Earlier investigator-initiated trials also showed promising results. A study published in The Lancet-Hematology and The New England Journal of Medicine in 2022 demonstrated that ten adult patients with moderate to severe hemophilia B achieved a mean FIX activity of 36.9 IU/dL after a median follow-up of 58 weeks, with no serious adverse events reported. Long-term follow-up data presented at the 2024 International Society on Thrombosis and Haemostasis (ISTH) Congress confirmed that FIX activity remained stable over three years, with no drug-related serious adverse events, thrombotic events, or inhibitors observed.
Strategic Partnership for Commercialization
The collaboration between Belief BioMed and Takeda China aims to accelerate patient access to this breakthrough therapy. BBM will handle development and manufacturing, while Takeda China will manage commercialization across mainland China, Hong Kong, and Macau.

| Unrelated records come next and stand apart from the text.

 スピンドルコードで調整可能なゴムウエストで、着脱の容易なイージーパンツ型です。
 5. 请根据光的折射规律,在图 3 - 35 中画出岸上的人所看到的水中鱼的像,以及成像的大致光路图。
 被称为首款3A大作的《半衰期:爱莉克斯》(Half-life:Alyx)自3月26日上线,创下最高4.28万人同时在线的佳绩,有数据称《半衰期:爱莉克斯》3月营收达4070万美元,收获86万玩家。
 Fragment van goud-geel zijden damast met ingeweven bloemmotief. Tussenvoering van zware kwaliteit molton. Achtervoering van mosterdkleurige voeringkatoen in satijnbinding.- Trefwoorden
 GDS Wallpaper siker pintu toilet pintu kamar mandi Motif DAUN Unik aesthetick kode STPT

Sean Shan, Senior Vice President of Takeda Pharmaceutical and President of Takeda China, highlighted the strategic importance of this partnership: "The approval of BBM-H901 will further enrich our portfolio in hemophilia and rare disease areas, and will help more patients to benefit from innovative treatments. In the future, Takeda China will continue to deepen our strategic cooperation with local partners, to accelerate the commercialization of more breakthrough therapies."
Regulatory Recognition and Future Prospects
BBM-H901 has received significant regulatory recognition beyond China. The therapy has obtained Breakthrough Therapy Designation from China's Center for Drug Evaluation, Orphan Drug Designation from the U.S. Food and Drug Administration (FDA), Rare Pediatric Disease Designation from the FDA, and Advanced Therapy Medical Products designation from the European Medicines Agency (EMA).

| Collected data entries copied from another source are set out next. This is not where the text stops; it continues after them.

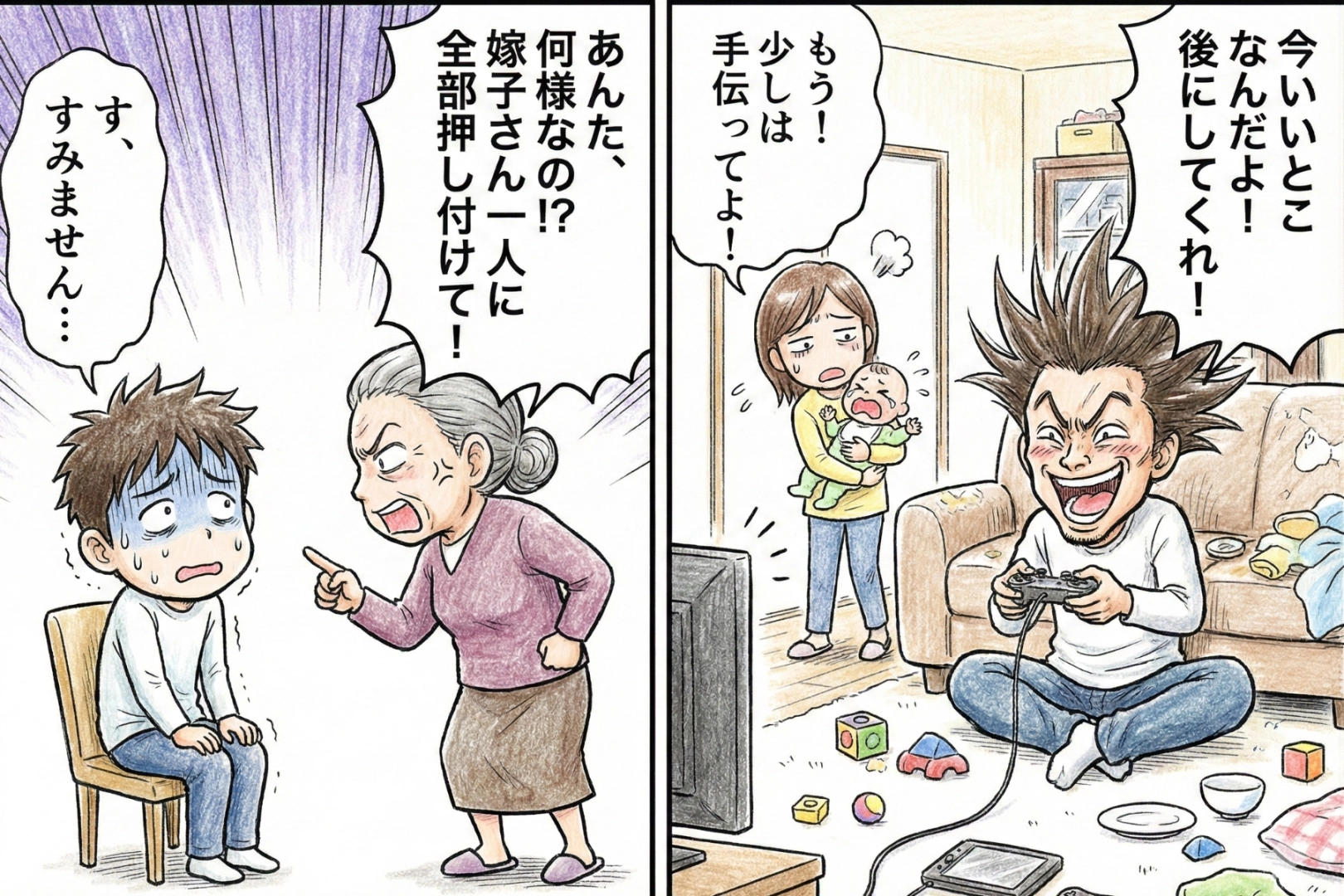 ある休日の午後、義母が予告なしにわが家を訪ねてきました。「え、いきなり」と思いつつも、ゲームをしている夫に「子どもをみてて」と言って、扉を開けます。ゲームの音が玄関まで響いている状況。義母とともにリビングに足を踏み入れたその瞬間、目に飛び込んできたのは、ソファでコントローラーを握り、ぐずる子どもを放置している状態。義母は何も言わず、しばらくその光景を見つめていたのです。夫はようやく母親の存在に気づき、慌ててゲームを止めようとしましたが、すべてはもう遅かったのかもしれません。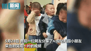 24日,貴陽一幼兒園小朋友正排隊(duì)等著扎手指采血。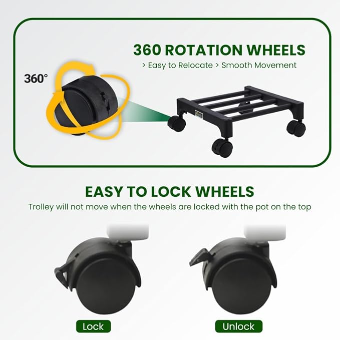 - Convenient Mobility with Wheels – Designed with 2 lock wheels for stability and 2 free wheels for easy movement, allowing you to shift heavy plant pots effortlessly indoors or outdoors.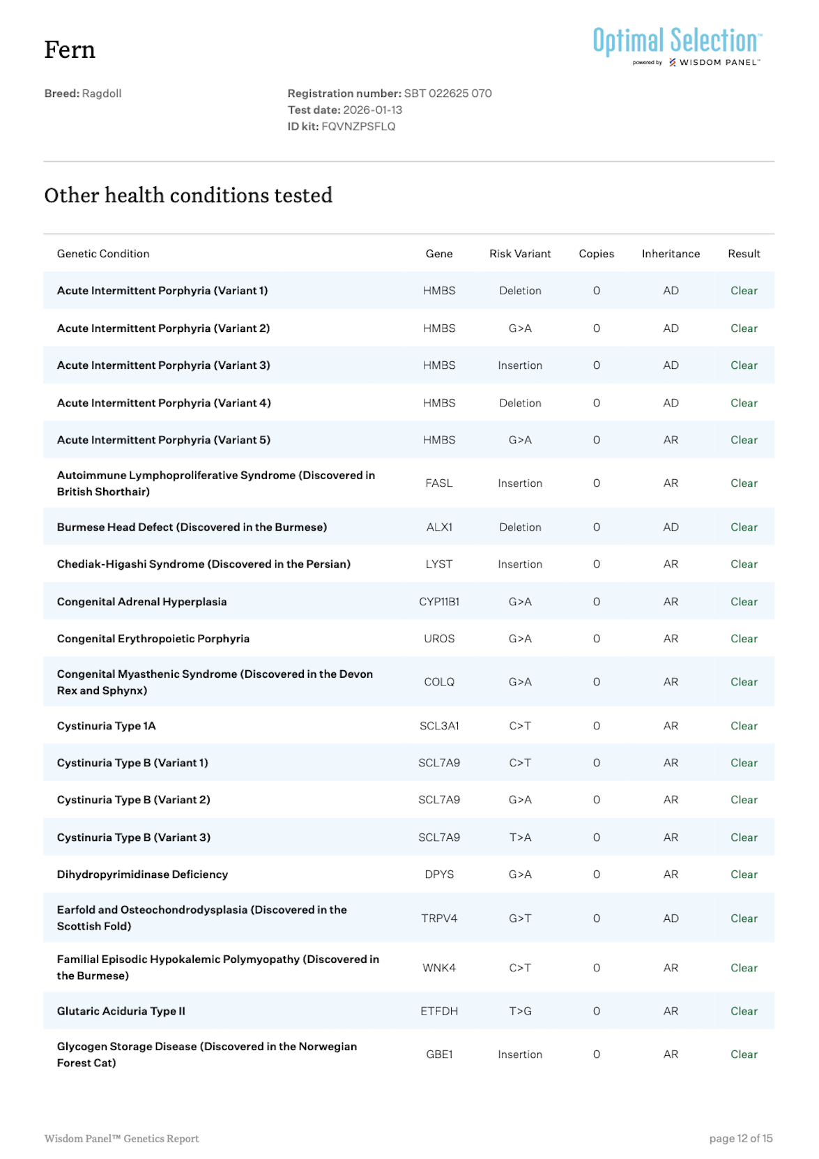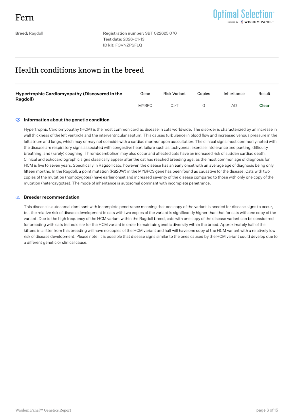 Fern has tested negative for over 40 genetic conditions, including HCM + PKD..

These designations reflect the potential global impact of this therapy and may accelerate its availability to hemophilia B patients worldwide. BBM has expressed intentions to pursue overseas commercialization to benefit more patients globally.
Advancing Gene Therapy in China
This approval represents a milestone not only for hemophilia B treatment but also for China's growing gene therapy sector. As one of the first domestically developed gene therapies to receive regulatory approval in China, BBM-H901 demonstrates the country's increasing capabilities in advanced biopharmaceutical research and development.
For patients with hemophilia B, the approval offers hope for a dramatically improved quality of life with reduced bleeding episodes, fewer hospital visits, and potentially normal daily activities without the constant fear of bleeding events that can cause long-term joint damage.
The continuous follow-up of clinical trial participants will provide additional insights into the long-term safety and efficacy of this groundbreaking treatment, potentially establishing a new standard of care for hemophilia B management in China and beyond.